This week is quite interesting, as Swift 3 evolution will finish today in the preparation for the imminent release. The fate of accepted-but-not-implemented proposals will be decided today as well. More details are available on Erica Sadun’s blog. As we also know, on the 1st of August work on Swift 4 evolution will commence. Personally, while it is known that introducing binary compatibility will be the main focus of Swift 4, I hope that some language-level improvements to asynchronous code will be proposed and accepted in Swift 4 time frame. This would bring Swift on a par with other modern languages, such as Go and Rust. Fingers crossed, in a week we will see some high-level vision presented by the core language team. In the meantime, let’s get started with this week’s issue.
A very good overview talk from Ian Partridge presented yesterday on Linuxing in London meetup. The best part, in my opinion, is the benchmark data comparing different families of languages in terms of CPU and memory consumption. Swift position in this graph is expectedly quite good. The deck also contains a quick introduction to IBM’s Kitura framework.

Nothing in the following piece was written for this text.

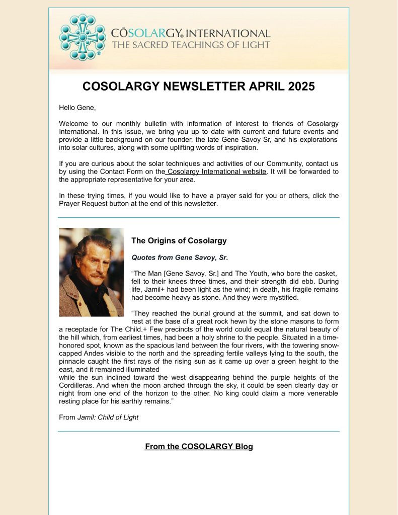 Cosolargy Newsletter April 2025 April 3, 2025 Communications & Outreach Subscribers to the Cosolargy.org website receive this monthly newsletter. Click here to read or download this issue.

This document from Swift compiler source repository is not easy to find, but it
uncovers loads of tips on how to easily optimise your Swift code. Among those
are recommendations to reduce dynamic dispatch in method declarations when not
needed, container types optimisations, use of
Unmanaged and many others.
Apple has introduced some improved support for machine learning in its platforms at WWDC this year, but it leaves a lot to be desired. While you can run inference with neural networks on a device, it takes huge amount of time to set up. The provided APIs are very low-level and, as far as I know, none of that covers the actual training process. The WWDC session on neural networks also covers only low-level concepts. It is definitely still a long way to go, especially when compared to Google’s TensorFlow machine learning library. Adit Deshpande has published probably the best introduction to convolutional neural networks I’ve seen. While the article doesn’t have any code examples, the basic concepts are explained really well, so you can start prototyping some simple neural networks in Swift with relatively little effort.
Junior B. published a great article in which he describes his first experience with server-side Swift. It covers a short overview of available frameworks, basics of using Vapor and Redbird Redis library. The main goal was to write a Hacker News clone, which was then published on GitHub.

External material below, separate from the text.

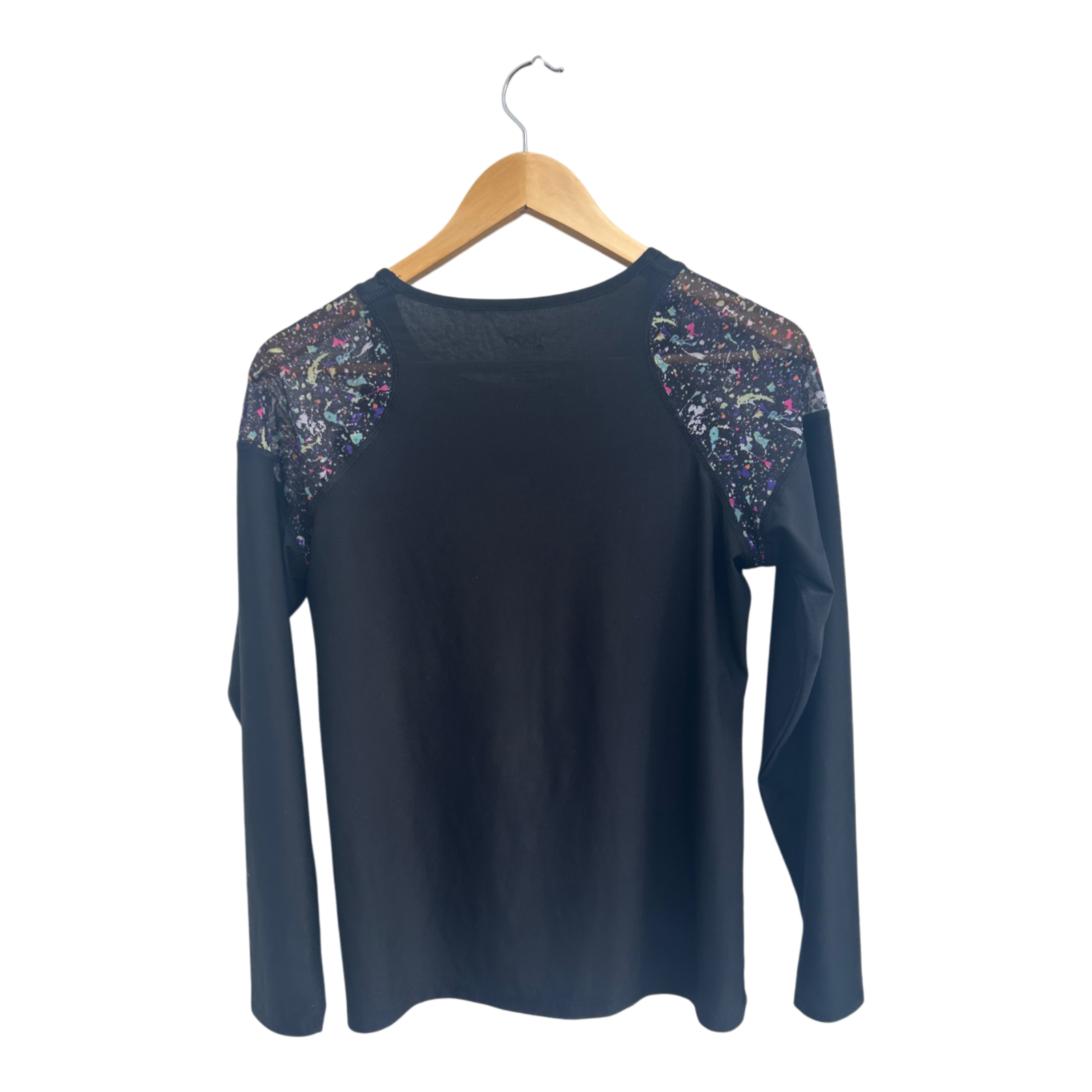 Sportliches Langarmshirt von Vogo Athletics in klassischem Schwarz mit bunten Schulterdetails. Das Shirt in Größe L hat eine Brustweite von ca. 50 cm und eine Länge von ca. 60 cm. Gefertigt aus 92 % Polyester und 8 % Spandex ist es elastisch, atmungsaktiv und angenehm zu tragen. Durch den figurnahen Schnitt eignet es sich perfekt für Fitness, Yoga, Laufen oder andere sportliche Aktivitäten.

This post by Lightstep is an interesting perspective on how microservices will probably go the way of information superhighway, colour television and horseless carriages. Some buzzwords go away, while the phenomenon itself stays and seems fairly obvious in a hindsight.

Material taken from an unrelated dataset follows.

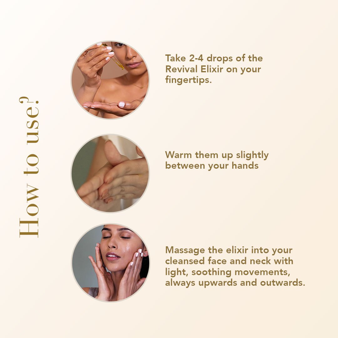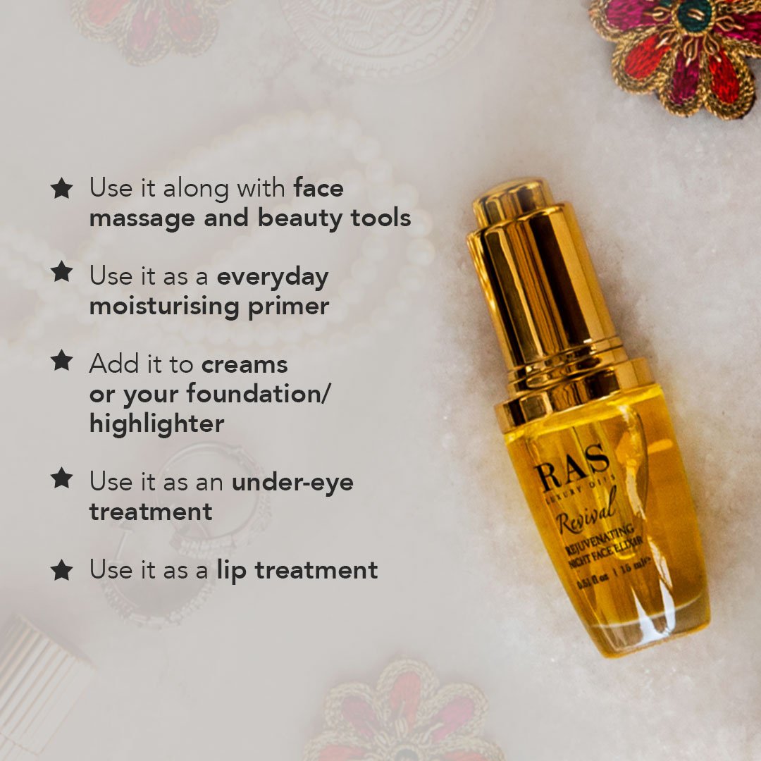 Your skin works hard to repair itself while you sleep and our Revival Rejuvenating Night Face Elixir helps it regenerate even better. An exquisite concoction of botanical oils with a nourishing yet lightweight texture, the elixir heals your skin from within. Our elixir is rich in Vitamins A & E and is the perfect blend for those with normal, dry and dehydrated skin

Very interesting story about building a service with minimal resources, while trying to stay scalable and reliable with a sudden influx of new users.
JP Simard submitted two pull requests, which were merged last week bringing SourceKit to Linux! 🎉 As I’ve mentioned in the previous issue, SourceKit plays vital role in developer tools, allowing to parse, format and process Swift source code easily. SourceKit on Linux means that SwiftLint is coming to Linux too!
MongoKitten 1.3.0 was recently tagged. It supports Swift 3.0 and is compatible with SwiftPM. This library provides a nice DSL for writing queries and document creation.